→ **TASK DIRECTIONS**
Beginning at the line with "It isn't a blue" in the records below, return each line up to and including the last, exactly as it stands, but not the pictures.

··· SUPPLIED RECORDS

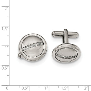 Men's Stainless Steel & CZ 18mm Polished Round Cuff Links
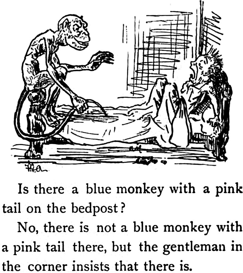 It isn't a blue monkey with a pink tail.  From The Harvard Lampoon, 1878.
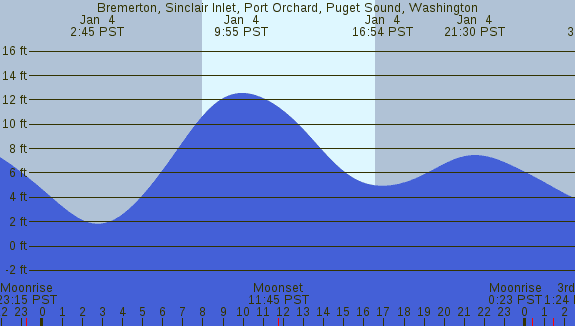 Tidal Heights at Bremerton, Sinclair Inlet, Port Orchard, Puget Sound, Washington
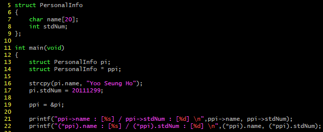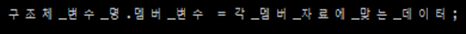 위의 예에서는 16번 라인과 17번 라인을 통해 멤버 변수에 접근하고, 대입 및 다른 곳으로의 참조를 시키는 등의 작업이 이루어진다. 중요한 것은 구조체_변수_이름 . 구조체의 멤버 변수 형식을 갖추어 직접 접근한다는 것.
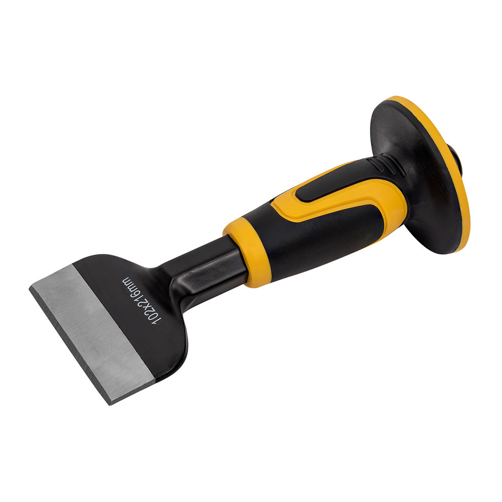 Available in different shank sizes, this Roughneck Brick Bolster comes equipped with a comfortable grip that includes a protective hand guard to prevent overstriking. It is also constructed from steel that has been drop forged and heat treated to enhance sturdiness and durability.

······

→ **THE ANSWER**
 It isn't a blue monkey with a pink tail.  From The Harvard Lampoon, 1878.
 Tidal Heights at Bremerton, Sinclair Inlet, Port Orchard, Puget Sound, Washington
 위의 예에서는 16번 라인과 17번 라인을 통해 멤버 변수에 접근하고, 대입 및 다른 곳으로의 참조를 시키는 등의 작업이 이루어진다. 중요한 것은 구조체_변수_이름 . 구조체의 멤버 변수 형식을 갖추어 직접 접근한다는 것.
 Available in different shank sizes, this Roughneck Brick Bolster comes equipped with a comfortable grip that includes a protective hand guard to prevent overstriking. It is also constructed from steel that has been drop forged and heat treated to enhance sturdiness and durability.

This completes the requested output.